StringBuilder builder = new StringBuilder();
var encoding = Encoding.GetEncoding(936);
// convert the text into a byte array
byte[] source = Encoding.Unicode.GetBytes(text);
// convert that byte array to the new codepage.
byte[] converted = Encoding.Convert(Encoding.Unicode, encoding, source);
// take multi-byte characters and encode them as separate ascii characters
foreach (byte b in converted)
builder.Append((char)b);
// return the result
string result = builder.ToString();
Simply put, it takes a string with Chinese characters such as 鄆 and converts them to ài.
For example, that Chinese character in decimal is 37126 or 0x9106 in hex.
See http://unicodelookup.com/#0x9106/1
Converted to a byte array, we get [145, 6] (145 * 256 + 6 = 37126). When encoded in CodePage 936 (simplified chinese), we get [224, 105]. If we break this byte array down into individual characters, we 224=e0=à and 105=69=i in unicode.
See http://unicodelookup.com/#0x00e0/1
and
http://unicodelookup.com/#0x0069/1
Thus, we're doing an encoding conversion and ensuring that all characters in our output Unicode string can be represented using at most two bytes.
Update: I need this final representation because this is the format my receipt printer is accepting. Took me forever to figure it out! :) Since I'm not an encoding expert, I'm looking for simpler or faster code, but the output must remain the same.
Update (Cleaner version):
return Encoding.GetEncoding("ISO-8859-1").GetString(Encoding.GetEncoding(936).GetBytes(text));

Well, for one, you don't need to convert the "built-in" string representation to a byte array before calling Encoding.Convert.
You could just do:
byte[] converted = Encoding.GetEncoding(936).GetBytes(text);
To then reconstruct a string from that byte array whereby the char values directly map to the bytes, you could do...
static string MangleTextForReceiptPrinter(string text) {
return new string(
Encoding.GetEncoding(936)
.GetBytes(text)
.Select(b => (char) b)
.ToArray());
}
I wouldn't worry too much about efficiency; how many MB/sec are you going to print on a receipt printer anyhow?
Joe pointed out that there's an encoding that directly maps byte values 0-255 to code points, and it's age-old Latin1, which allows us to shorten the function to...
return Encoding.GetEncoding("Latin1").GetString(
Encoding.GetEncoding(936).GetBytes(text)
);
By the way, if this is a buggy windows-only API (which it is, by the looks of it), you might be dealing with codepage 1252 instead (which is almost identical). You might try reflector to see what it's doing with your System.String before it sends it over the wire.

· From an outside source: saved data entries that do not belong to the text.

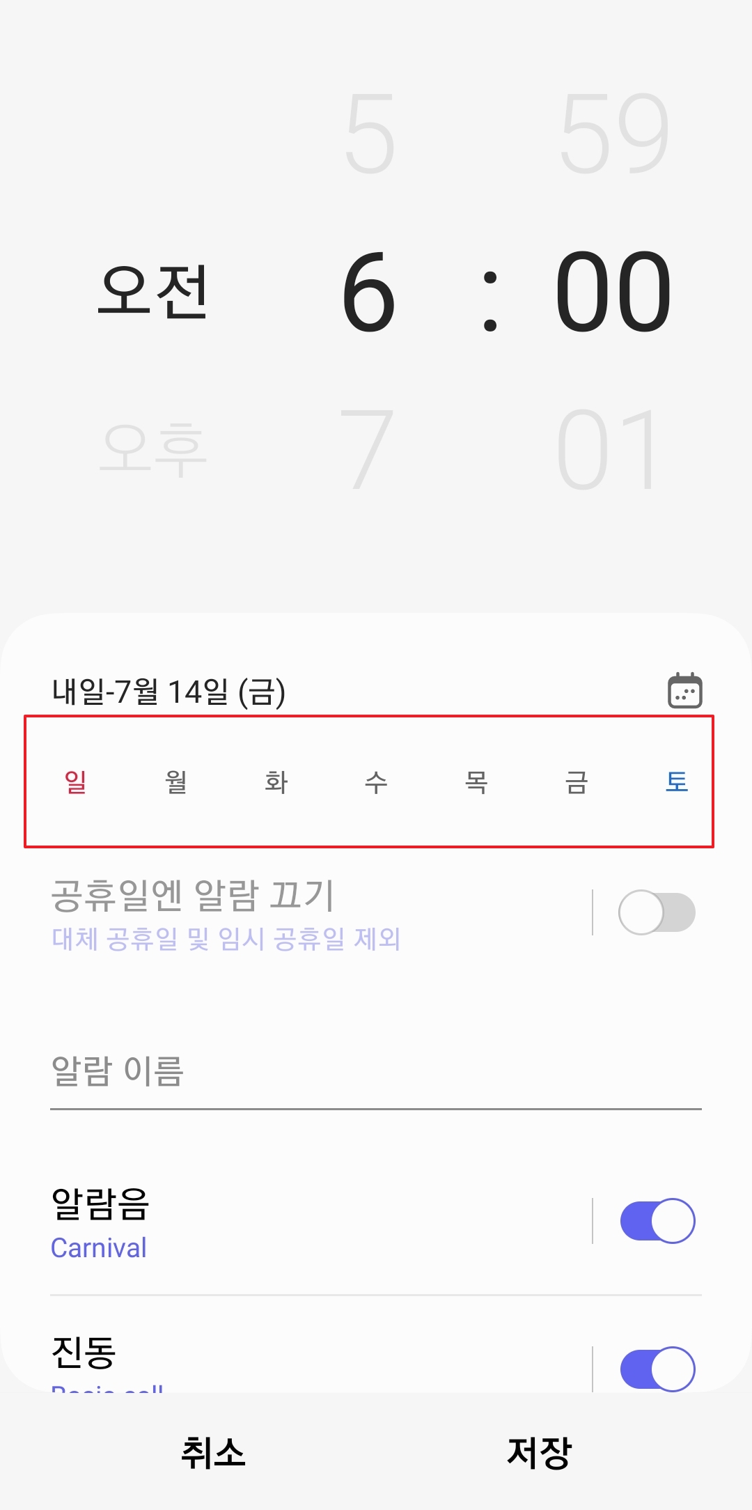 알람을 언제 울리게 할지 정할 때, 요일을 선택하는게 정말 중요해요. 매일 아침 일어나야 하는 학생이나 직장인이라면 월화수목금 이렇게 평일만 선택해두면 아주 편하거든요. 그리고 진짜 좋은 기능이 바로 공휴일에는 알람 끄기 기능이에요.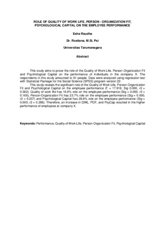 Raudha, Esha (2016) Peran kualitas kehidupan kerja person-organizational fit, psychological capital terhadap kinerja karyawan. Masters thesis, Universitas Tarumanagara.
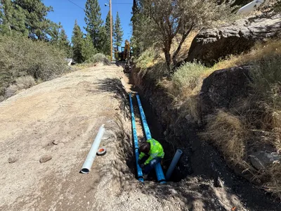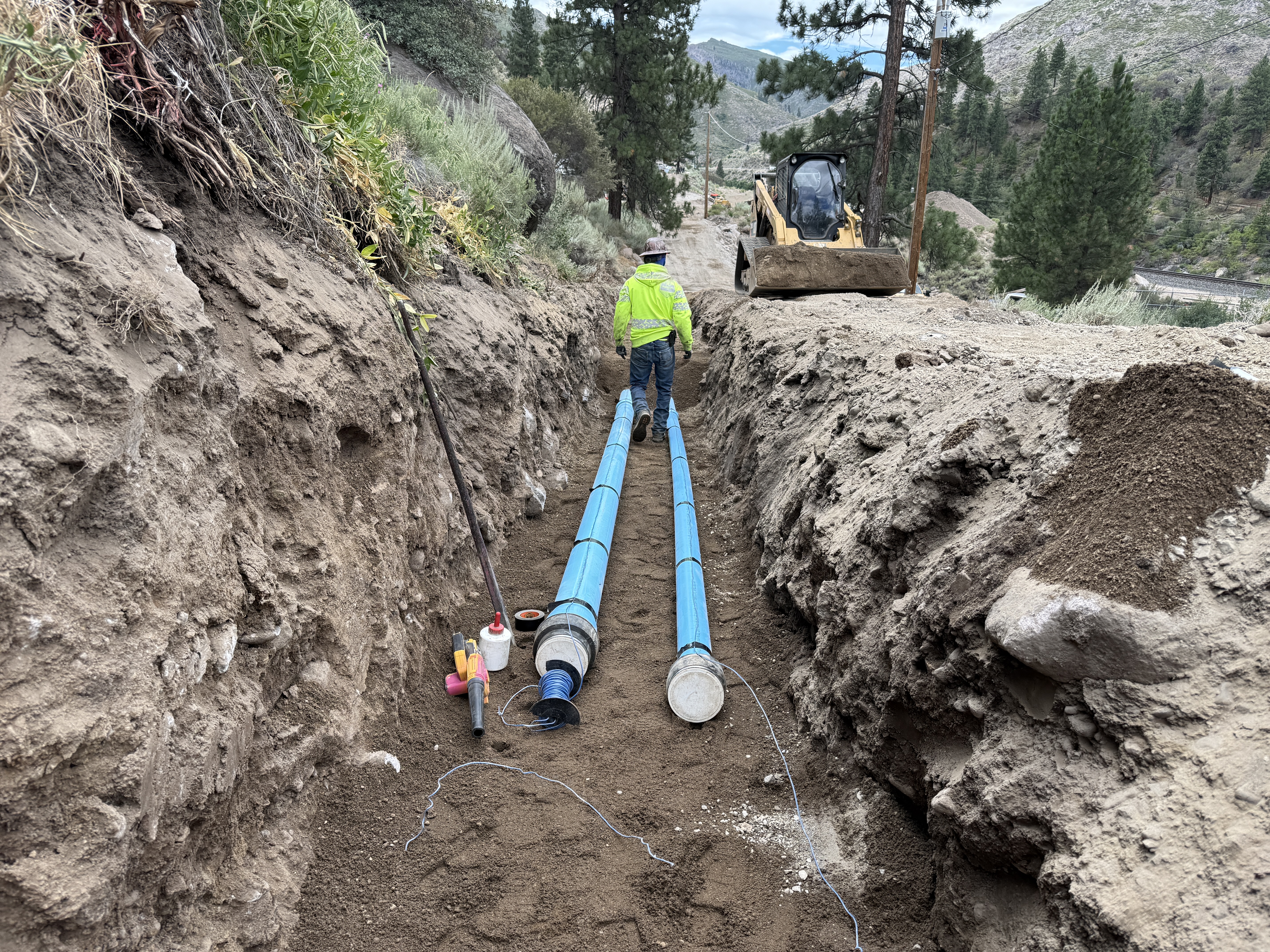 The image shows a trench with two blue pipes placed along the bottom. A worker in a hi-vis vest and hard hat is inspecting or working near these pipes. An excavator is positioned at one end of the trench, possibly used for trenching or backfilling. The surrounding area has natural rocky soil and vegetation.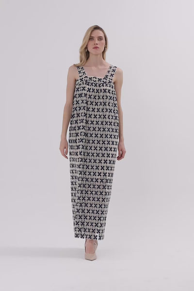 Kalın Askılı Desenli Uzun Elbise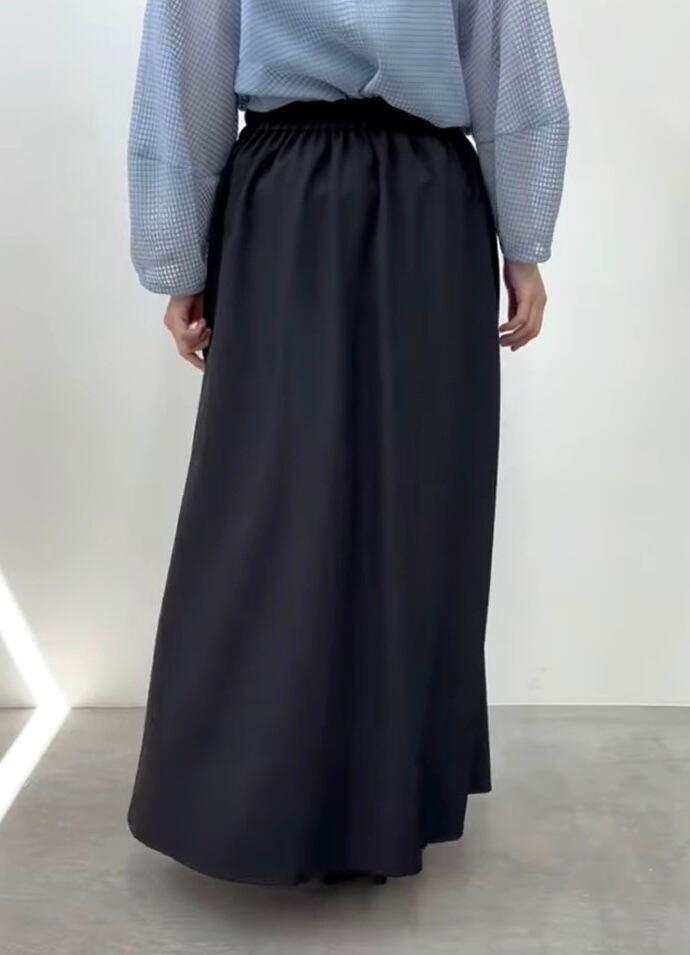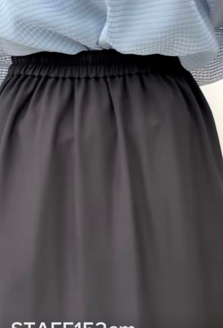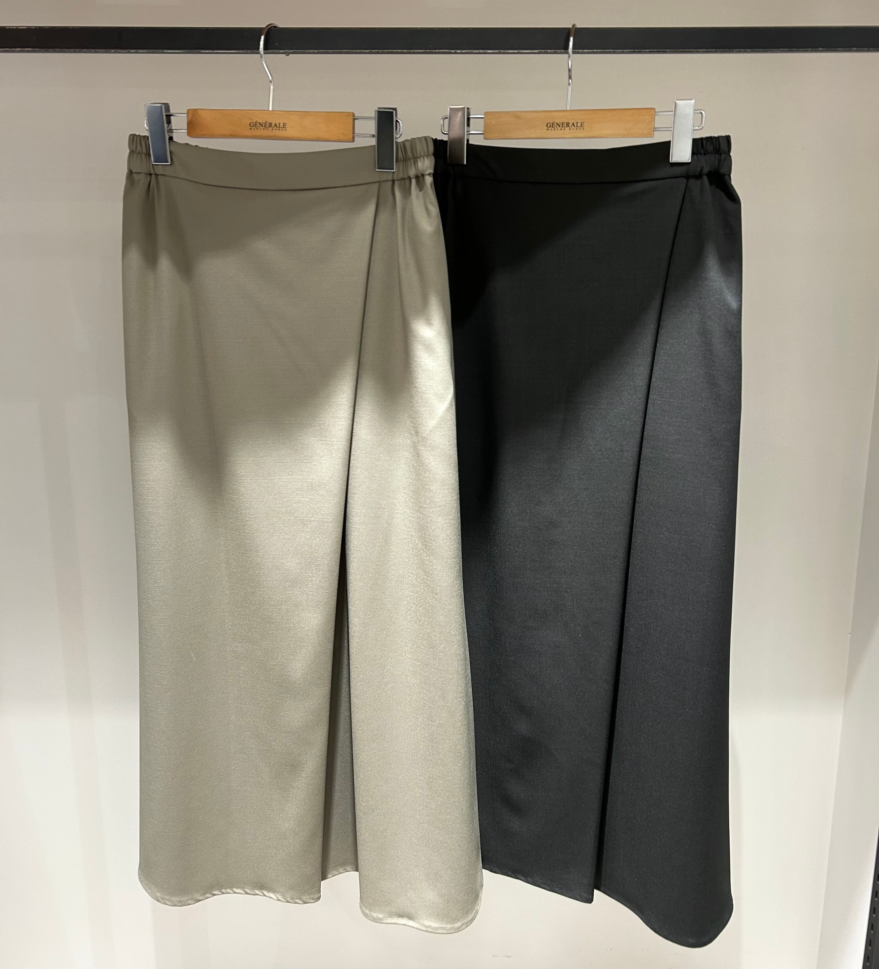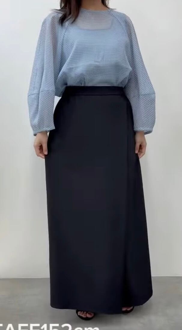 フロントのラップ風デザインがアクセントのきいたスカート。

Almost anything would be cleaner than this - you're really abusing text here, IMO. You're trying to represent effectively opaque binary data (the encoded text) as text data... so you'll potentially get things like bell characters, escapes etc.
The normal way of encoding opaque binary data in text is base64, so you could use:
return Convert.ToBase64String(Encoding.GetEncoding(936).GetBytes(text));
The resulting text will be entirely ASCII, which is much less likely to cause you hassle.
EDIT: If you need that output, I would strongly recommend that you represent it as a byte array instead of as a string... pass it around as a byte array from that point onwards, so you're not tempted to perform string operations on it.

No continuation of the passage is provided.